It started with three Ayam Cemani roosters that I picked up in Wooler, Ontario, then soon after gave them a lady. Since the Ayam Cemani Roo’s were bonded, they took to protecting her together, forming a kind of reverse harem relationship. Then came the Silkie chickens and Banteys from other flock owners in this village of Marlbank. The Silkies came to live on one side of the coop, with the Banteys and Cemani’s on the other. The former being a land race, and flightless are more gentle, and weaker than the more robust Cemani’s and the fiesty Bantey’s. The Bantey chickens are the original English fighting game bird, though I only keep two hens, and we culled the rooster for a winter stew. The birds weathered the last of the cold weather in March under heat lamps, and after about a month, I brought in three Red Sexlinks, which are a hybrid of the Rhode Island Red Rooster, and the New Hampshire hens. They are prolific egg layers, and I have had egg sustainability since they landed on the farm. Usually I can gather a dozen eggs in two days, and I tend to eat 4-6 eggs per day for a protein source.

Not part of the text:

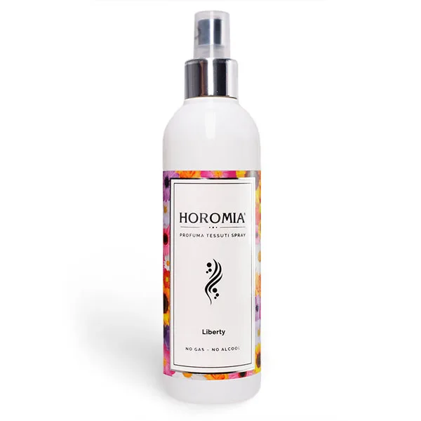 Inovativni izdelek Liberty Horomia je brez alkohola in plinov. Primeren je za vse vrste tkanin, vključno s svilo in kašmirjem. Izdelek ne pušča madežev. Idealen je za zavese, notranjost avtomobila, sedežne garniture in oblačila. Izdelek vsebuje molekule, ki nevtralizirajo neprijetne vonjave.

For 7 years, I had heard of the Ayam Cemani breed with their blackened feathers, black meat, bones, comb, feet, and internal organs. They lived in myth, until I finally saw them in person. The Silkies came with much the same folkloric baggage, a strange Indonesian bird from the island of Java with five talons, black skin, feathers resembling fur, that did not fly, and wore strange plumage of white, grey, gold, or brown with tufts on their head. In the morning, I put two of the smaller silkies on my shoulders to roost, while I poured the chicken cereals into their feeding troughs. They happily perch while I would continue the morning ritual. For the first month I kept them inside their spacious coop, and would free range them a couple hours per day. Then a gift of a chicken tractor was acquired for use in having the chickens with an open bottom mobile coop. I ran this over a small patch of hay field in three day rotations with the black jungle fowl, the red layers, and the fiesty banteys, and they formed a pecking order that in my eyes accommodated every bird, without any harm or fighting. I broadcast a medley of seeds into the earth floored tractor, and moved the birds in three day rotation slots, during this time, they scratched and mowed the ground into a fine tillage, ate the grasses and bugs, and layed eggs into the small piles of clippings they made. At dusk I visit them again to lead them back to the coop, while they follow loyally for their dinner inside, and find their roosting positions for the night. I simply collect the eggs from the shaded partition at the back of the chicken tractor.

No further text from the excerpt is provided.